# DiffPrivacyInference.jl

The goal of this project is to create a type checker which can automatically analyze Julia programs with respect to differential privacy guarantees.

This is a work in progress. We intend to implement a type inference algorithm for Julia code based on the type system described in this paper and the corresponding haskell implementation.

Currently, we can do the following:

• Parse a very basic subset of Julia code into a representation suitable for type checking. We support arithmetics on Real and Integer types, procedural variable and function declarations and multiple dispatch.
• Infer the sensitivity w.r.t. the inputs of the functions in the parsing results. This is an important first step towards the inference of differential privacy bounds.

Next up is adding support for more Julia language constructs and data types to the parser, so we can handle e.g. vector and matrix operations, loops and conditionals.

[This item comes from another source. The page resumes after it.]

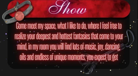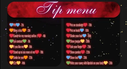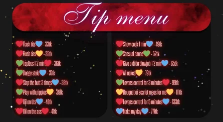 Ahegao, CEI (Instruções para comer sémen), Corpete, Canzana, Role Play, Fumar, Striptease, Brinquedos Sexuais, Twerking, Topless, Saia acima, Anal, Foda de mamas, Strapon, SPH (Humilhação para pénis pequeno), Show de óleo, Dança Erótica, Palmadas, Conversa porca, Brinquedos Anais, Ejaculação, Fingering, Exibicionismo, Fetiche por Pés, Tacões, Massagem, Nylon, Orgasmo, Masturbação, Dildo ou Vibrador, Garganta funda

Further, we will implement and verify some standard differentially private mechanisms and provide a convenient interface.

## Installation

It is advisable, for now, to avoid precompilation and optimization by starting Julia with

julia -O0 --compile=min

Then install the package with

] add "https://github.com/DiffMu/DiffPrivacyInference.jl"

Start using it with

julia> using DiffPrivacyInference

## Examples

Using infer_sensitivity_from_string, we can parse Julia code from strings and do type inference:

julia> pretty_print(infer_sensitivity_from_string("f(x::Integer) = 23*x"))
"(Int @(23)) ==> Int"

The output tells us that the input expression is a one-argument function mapping an integer to another integer with sensitivity 23.

Currently we can only do function and variable declaration, multiple dispatch, and basic arithmetics on real and integer numbers. Here's a more complicated example:

julia> pretty_print(infer_sensitivity_from_string("
function test(x::Integer, y)
f(x) = 23*(x + y)
z = 1
g(x) = z*x
z = 42/23
f(g(x))
end
"))
"(Int @(42.0), tvar.op_arg_16 @(23)) ==> tvar.ret23"

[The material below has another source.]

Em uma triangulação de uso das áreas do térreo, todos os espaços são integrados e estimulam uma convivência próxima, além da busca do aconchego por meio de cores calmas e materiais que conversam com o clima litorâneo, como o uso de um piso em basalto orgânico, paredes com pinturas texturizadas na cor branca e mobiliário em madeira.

The output tells us that this is a two-argument function which is 42-sensitive in its first argument, which is of type Integer, and 23-sensitive in its second argument, whose type (like the function's return type) could not be inferred.

We can analyse entire files using infer_sensitivity_from_file, also resolving includes. Running the inference algorithm like this will result in the type of the last statement in the file, i.e. of the thing that running all commands in the file would entail.